A subset of 20 speakers (all showing a BAC above 0.05% in the first experiment) were invited a third time to repeat the first recording under exactly the same conditions but without intoxication. This so-called control set is intended to allow unknown influential factors in the experimental setup to be identified. All recorded audio data were transcribed orthographically by trained phoneticians using the online annotation tool Webtranscribe (Draxler 2005). Filled pauses, repetitions, false starts, word interruptions, unusual phone lengthenings and other linguistic events according to the Verbmobil transliteration standard (Burger, Weilhammer, Schiel and Tillmann 2000) were tagged in the orthographic transcription. Based on the orthographic transcripts, signals were automatically segmented and labelled into phonetic units including unfilled pauses using the MAUS technique (Schiel 1999). The MAUS tool was configured to detect potential unfilled pauses between word units but not within word units (which is treated as the disfluency class ‘word interruption’); the minimum length of a detected unfilled pause was set to 50 msec, since smaller silence intervals are not perceived as pauses; detected unfilled pauses of less than 50 msec length were equally spread across the adjacent phone segments.
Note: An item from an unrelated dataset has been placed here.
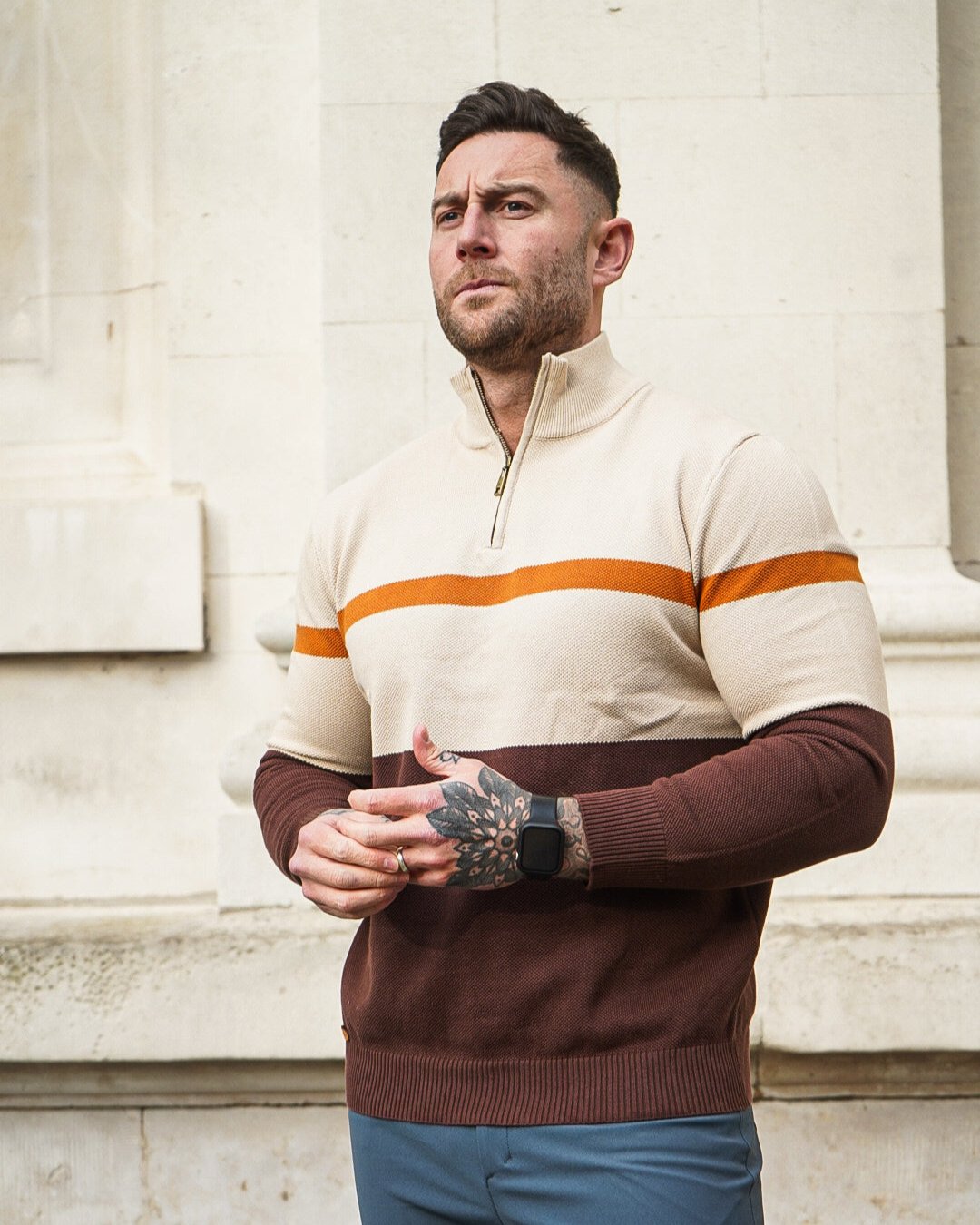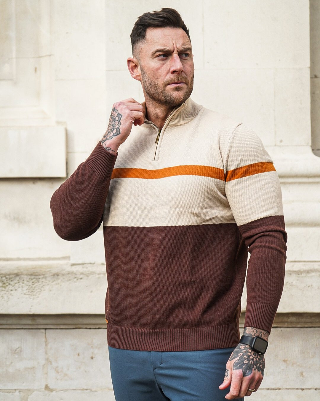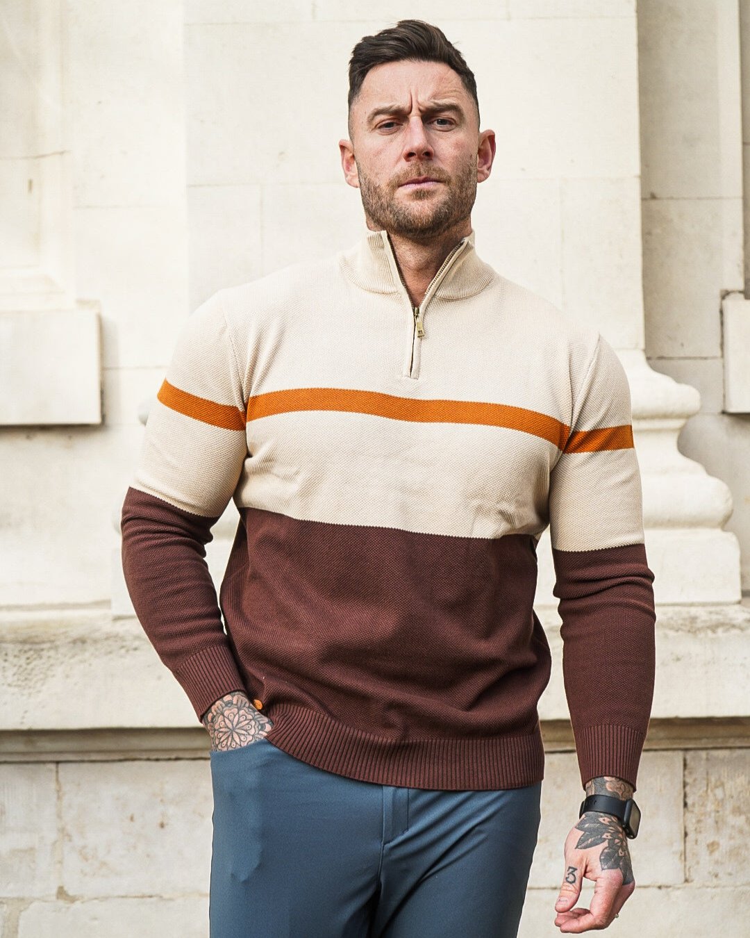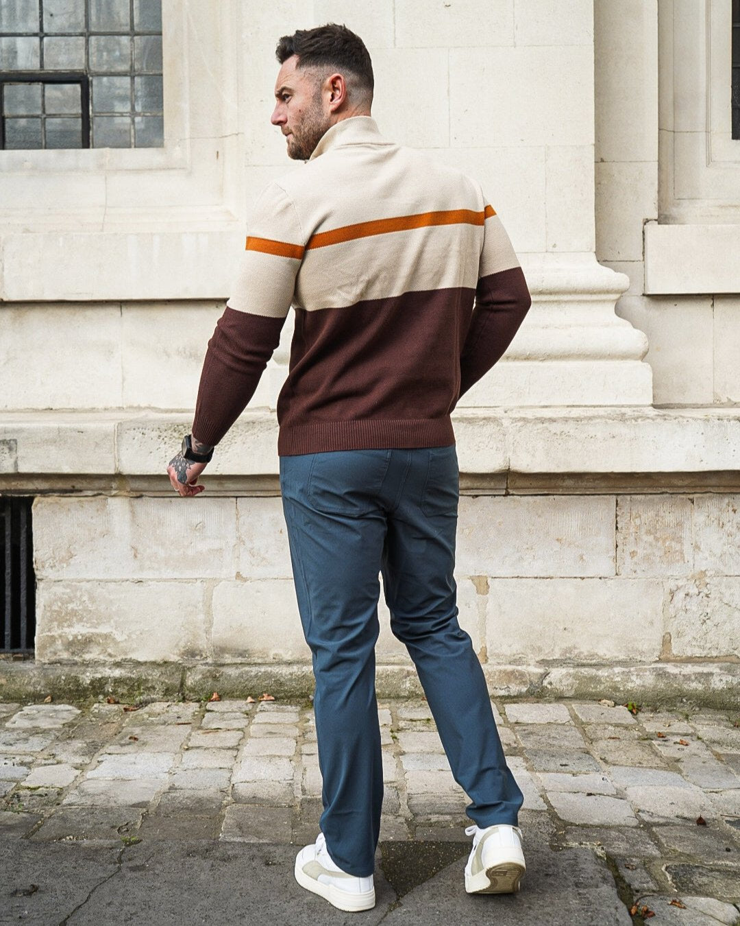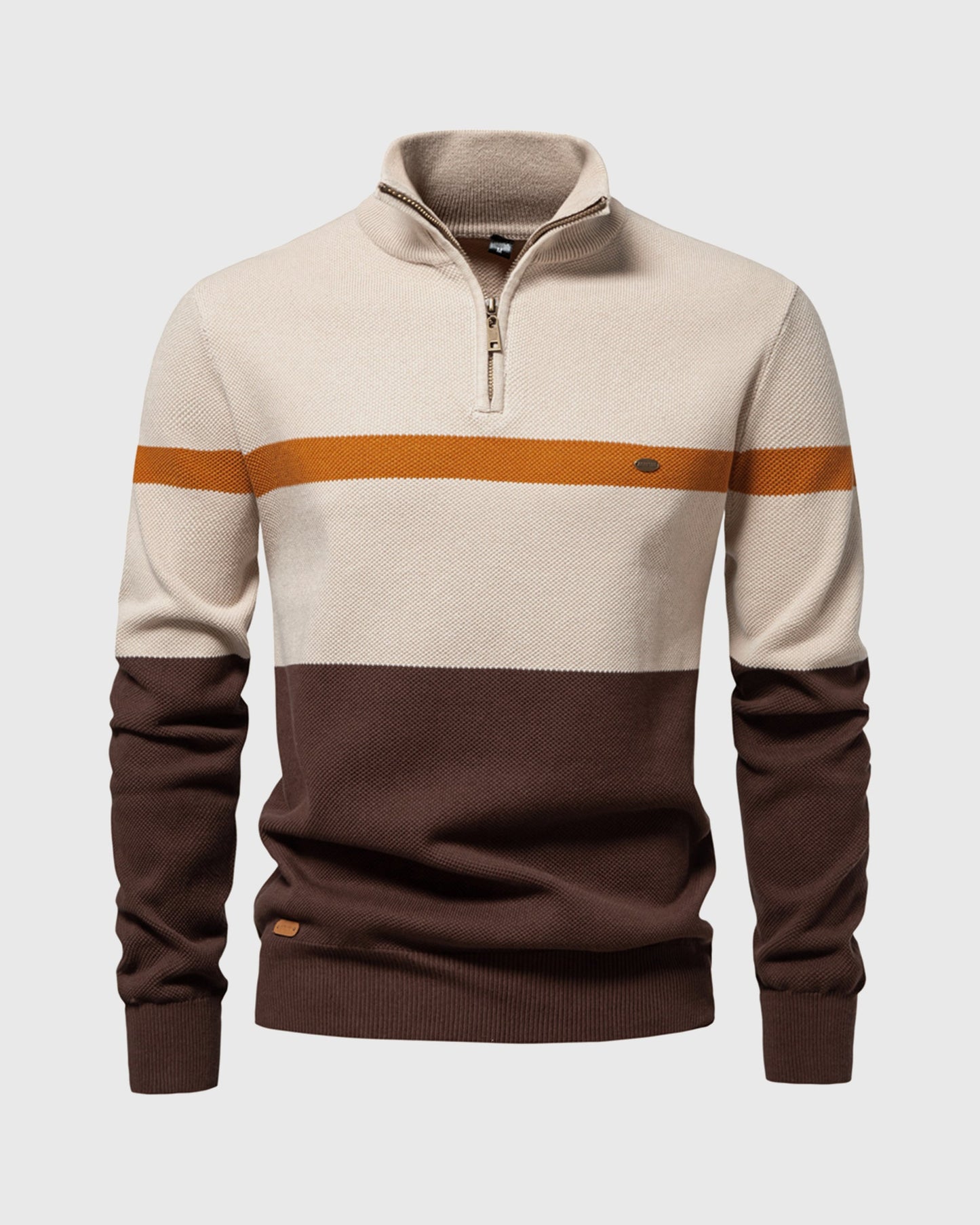 Elevate your casual wardrobe with our stylish Color-Block Zip-Up Sweater. Designed for comfort and versatility, combines style and comfort effortlessly! This sweater features a modern color-block pattern, making it perfect for layering during cooler months.

For more detailed information about the corpus and the recording/annotation procedures, see Schiel et al. 2012.

5. Method

The present study deals with observable deviations from the normal rhythmic speech production of sober speakers. Based on previous studies and the given annotation and automatic segmentation of the ALC, the investigated disfluency categories include, therefore, the rate of filled pauses, the rate of inter-word unfilled pauses of greater length than 50 msec, the rate of repetitions, the rate of false starts (often including word breaks), the rate of word interruptions (mostly by inserted filled or unfilled pauses) and the rate of unusual phone lengthenings (judged by the labeller). Table 1 describes the manually tagged disfluency classes and corresponding markers and gives examples for their transcription. Pronunciation errors/slips-of-the-tongue in otherwise fluent speech which are often subsumed under ‘disfluencies’ are not investigated here. Due to the sparsity of observed disfluency events, metadata (except speaker gender) are not tested as independent factors in this study, nor are disfluency counts correlated against the BAC level.
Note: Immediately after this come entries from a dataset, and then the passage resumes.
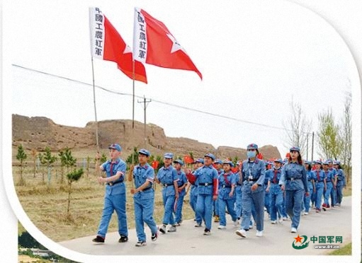 “六盘山呀山高峰,赤旗漫卷西风。今日得着长缨,同志们,何时缚住苍龙?”六盘山上,毛泽东回顾艰难历程,展望革命未来,一首《长征谣》直抒胸臆,这便是《清平乐·六盘山》一词的雏形。前不久,彭阳县人武部组织专武干部和民兵沿古长城重走长征路,感悟气壮山河的革命乐观主义精神。
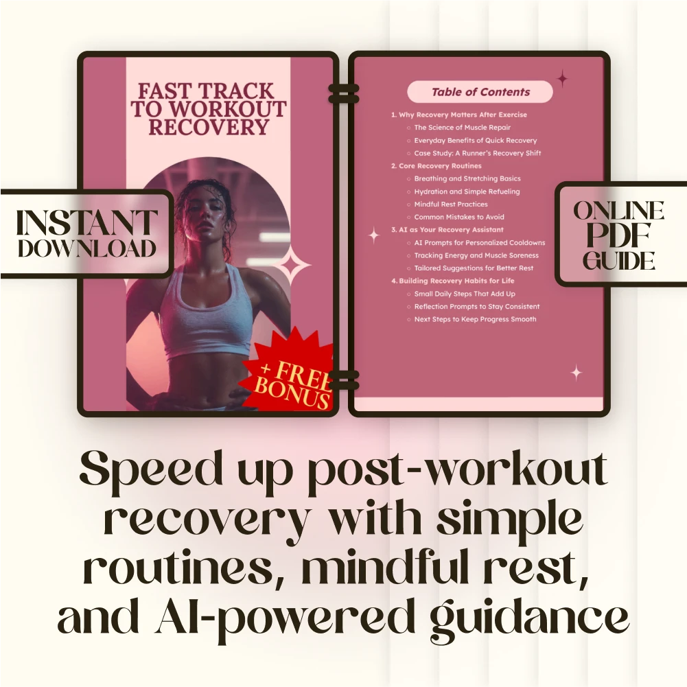 Unlike generic fitness advice, Fast Track to Workout Recovery blends proven recovery methods with smart AI integration, helping you create a routine that’s not only effective but also personalized to your needs. It’s more than a recovery guide—it’s your long-term companion for better performance, consistency, and overall well-being.
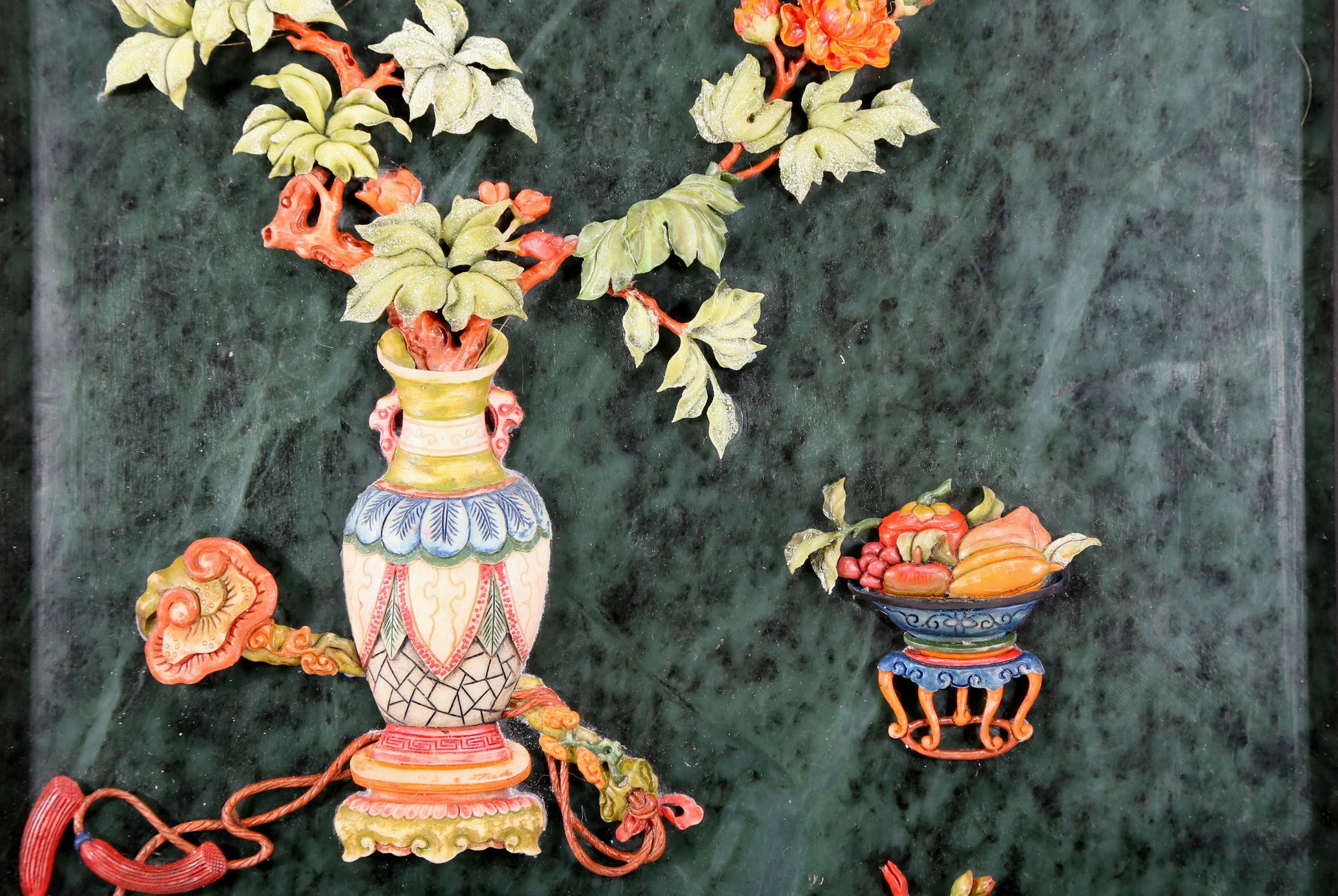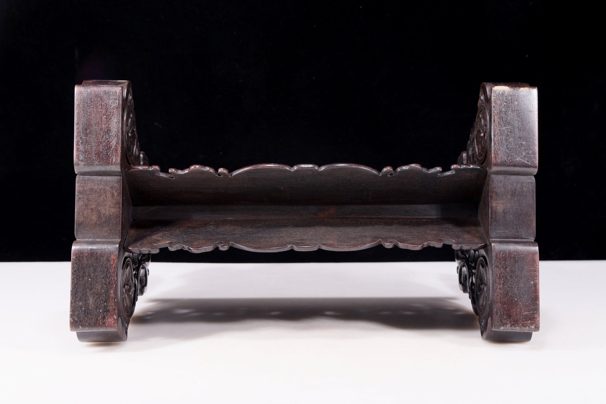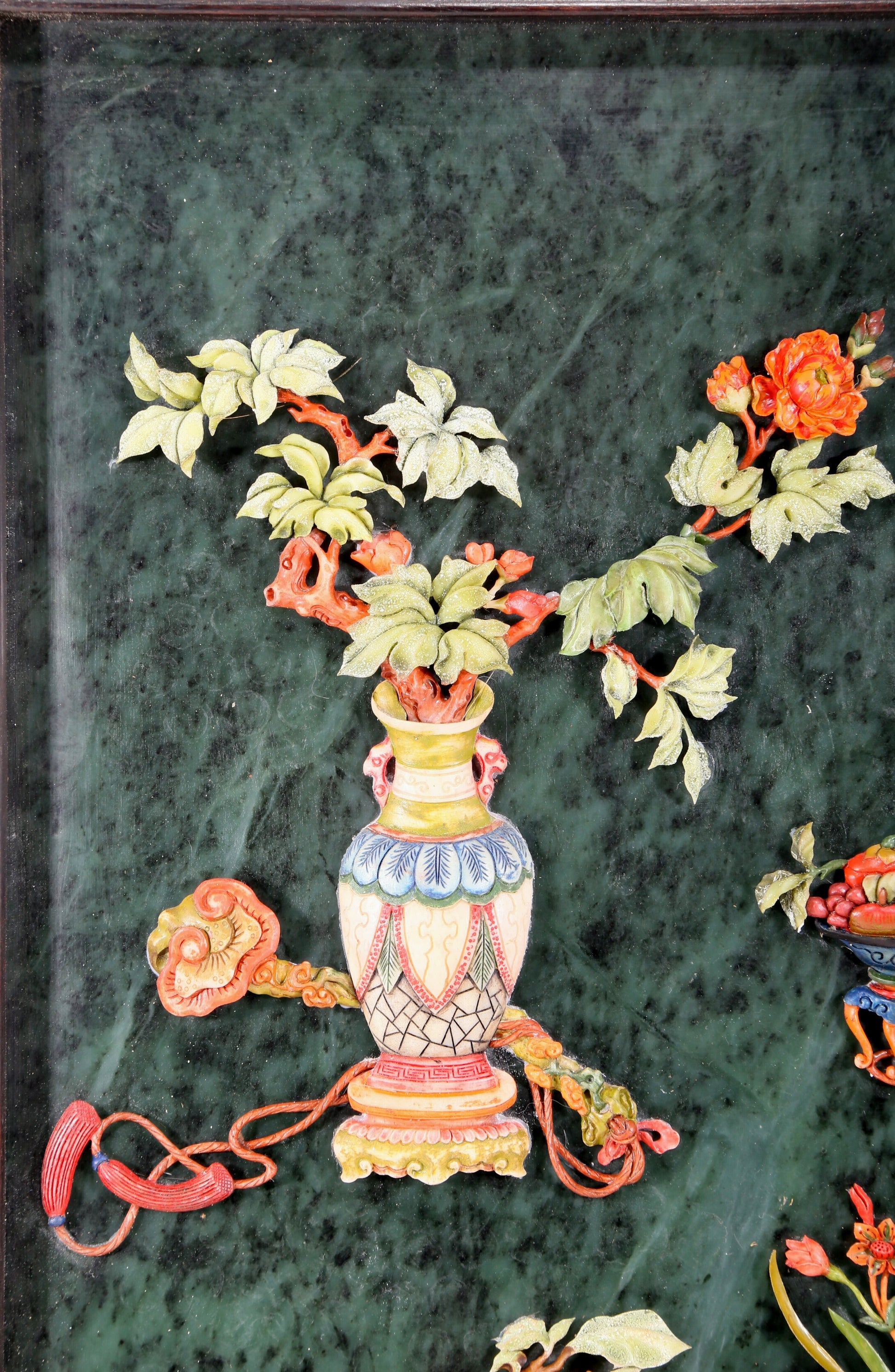 An exquisite zitanwood inlaid with jasper and gold inlaid gemstone vase pattern table screen

Table 1: Manually tagged disfluency classes in the ALC transcription used in this study




Filled pause

<”ah>, <hm>, <”ahm>, <hes>

in <”ah> Rom



+/ein/+ +/ein/+ Haus …

False start


-/der Mann/- die Frau …

Word interruption




Phone lengthening


und dann<Z> sind wir …

gehen wir na<Z>ch …

Speech data of 150 selected speakers of ALC were analysed. These 150 speakers all exhibited a blood alcohol concentration minimum of 0.05% while intoxicated (0.05% is the legal limit for driving in Germany). Speech data were divided into 900 bins where each bin is defined by speaker (150), intoxication state (2) and speaking style read, spontaneous and command&control (3). Disfluency markers based on the manual tagging (see Table 1) were counted automatically for every bin. Filled pauses and phone lengthening counts were then normalised to the total number of syllables in the bin, while false starts, repetitions and word interruptions counts were normalised to the total number of words in the bin to compensate for the differing amounts of speech per bin. Rates of unfilled pauses (also normalised to total number of words), durations of unfilled pauses and durations of filled pauses were derived from the automatic phonetic segmentation and averaged within each bin; durations were not normalised to speech rate. This procedure results in a total of 7200 rates/measurements (6 rates + 2 duration measures in 900 bins).
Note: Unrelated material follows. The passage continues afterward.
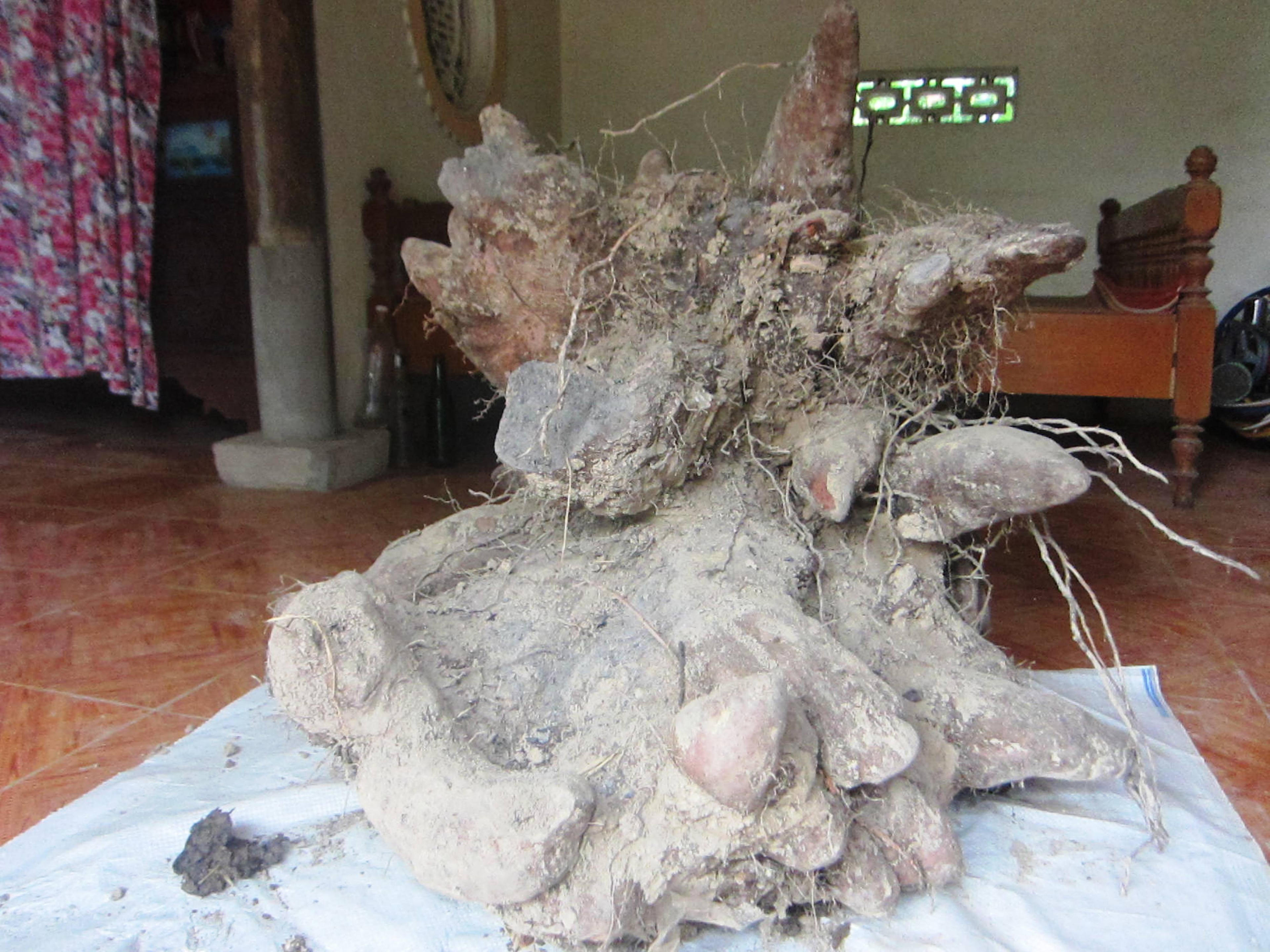 Hoảng quá, tôi vội chạy đi kêu thêm 3 người khác cùng đến phụ giúp. Càng đào sâu xuống đất, chúng tôi sững người khi thấy một hình hài lạ xuất hiện. Sau 2 tiếng đồng hồ đào, 4 người chúng tôi mới vần củ khoai ấy lên mặt đất bằng sợi dây sừng”. Chứng kiến củ khoai to, nhìn giống đầu rồng, ai nấy đều vui mừng, phấn chấn, kèm theo đó chút hoang mang.

Statistical analysis on rates was carried out using generalised linear models in R (function glm() in R Version 3.1.1) with the respective disfluency rate as the dependent variable, intoxication and gender as independent variables (both binary factors); measured durations were tested using a linear model and ANOVA (functions lm(), anova() in R version 3.1.1) with intoxication and gender as independent variables. Since models including speaking style as a fixed factor in all cases indicated strong interactions with speaking style (which is to be expected), we fitted models for all three speaking styles separately; this results in only one rate/measure per speaker and intoxication state, and therefore does not require additional modelling of speakers as a random variable to prevent statistical correlations within the data of a single speaker.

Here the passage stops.